Explain Kabira's presence in the hairdressing salon at Agbogboshie.
In Amma Darko's Faceless, Kabria's visit to the hairdressing salon at Agbogbloshie is a small domestic errand that the novelist turns into an important narrative bridge, connecting the comfortable world of the working mother to the harsh world of the street children.
Her ordinary reason for being there. On the surface Kabria goes to the salon simply as a customer, to have her hair attended to, one of the everyday activities of a busy Accra woman who juggles her family, her old car and her work at the documentation centre MUTE. This ordinariness makes the scene realistic and rooted in daily urban life.
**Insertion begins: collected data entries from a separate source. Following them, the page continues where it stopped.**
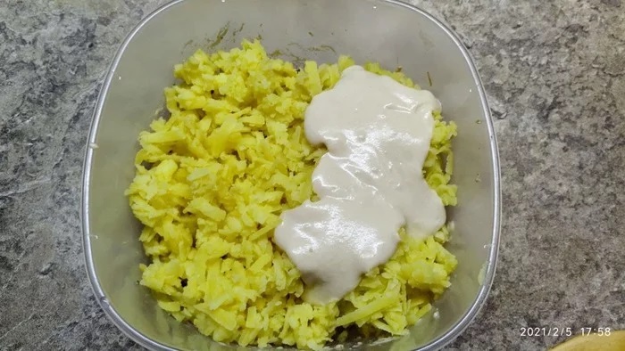 3 ложки соуса на первый слой из тунца, перемешиваем.Выкладываем натертый картофель + 3 ложки соуса, размазываем.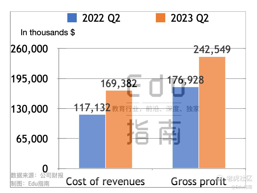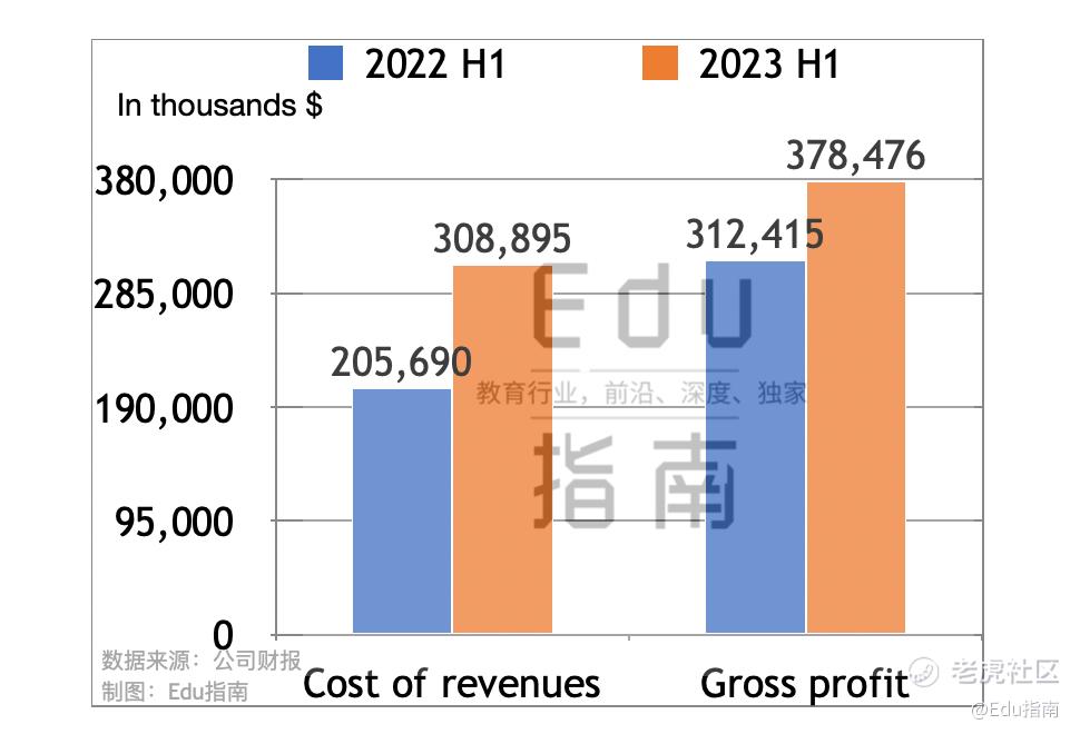 今年7月该公司发布其2024财年Q1(截至2023年5月)业绩报告,根据该季报,好未来公司营收2.8亿美元,增长23%,该公司2023财年Q1营收同比2022财年同期(截至2021年5月的三个月)营收的13.8亿美元,表现为下降84%。该财季营收变化,同样表现为由下降转为增长。该季度好未来经营现金流转正,净流入1.3亿美元。其Q1财季收入成本为1.4亿美元,同比上一财年Q1的0.9亿美元,该成本增幅为58%。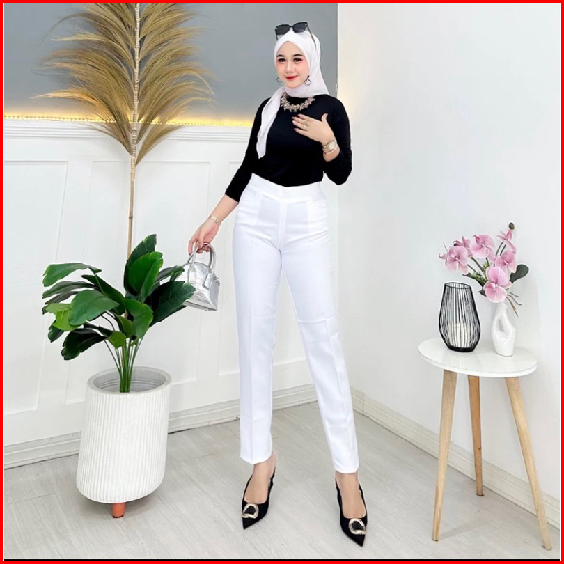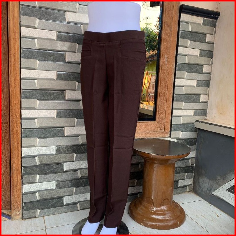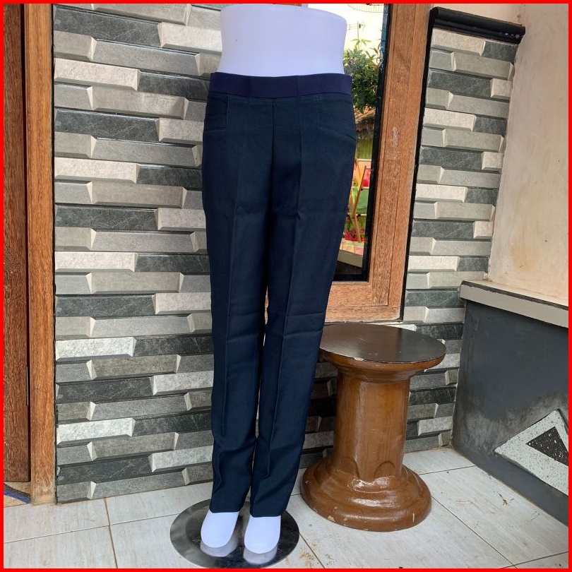 Celana Kerja Wanita Kantor Celana Bahan Pinggang Karet Highwaist Ada Jumbo

The salon as a centre of talk and information. The hairdressing salon is a social meeting point where women gather and exchange news and gossip. It is here that the concerns of the wider city surface in conversation. Through the talk of the salon, Kabria is drawn closer to the realities of poverty, child abandonment and the dangers faced by children who live on the streets around the Agbogbloshie market.
A bridge between two worlds. Kabria belongs to a settled, middle-class household, while the neighbourhood outside is the fringe world of hawkers and homeless children. Her presence in the salon places her at the meeting point of these worlds and helps awaken her awareness of, and involvement in, the plight that MUTE will later investigate, especially the fate of girls like Fofo and her dead sister Baby T.
Narrative function. The episode allows Darko to introduce social commentary naturally through overheard conversation rather than direct preaching, and it deepens Kabria's characterisation as an observant, sympathetic woman.
In conclusion, Kabria's presence in the salon at Agbogbloshie is both an ordinary errand and a purposeful device. It grounds her in everyday life while opening her, and the reader, to the suffering of the street children that lies at the heart of the novel.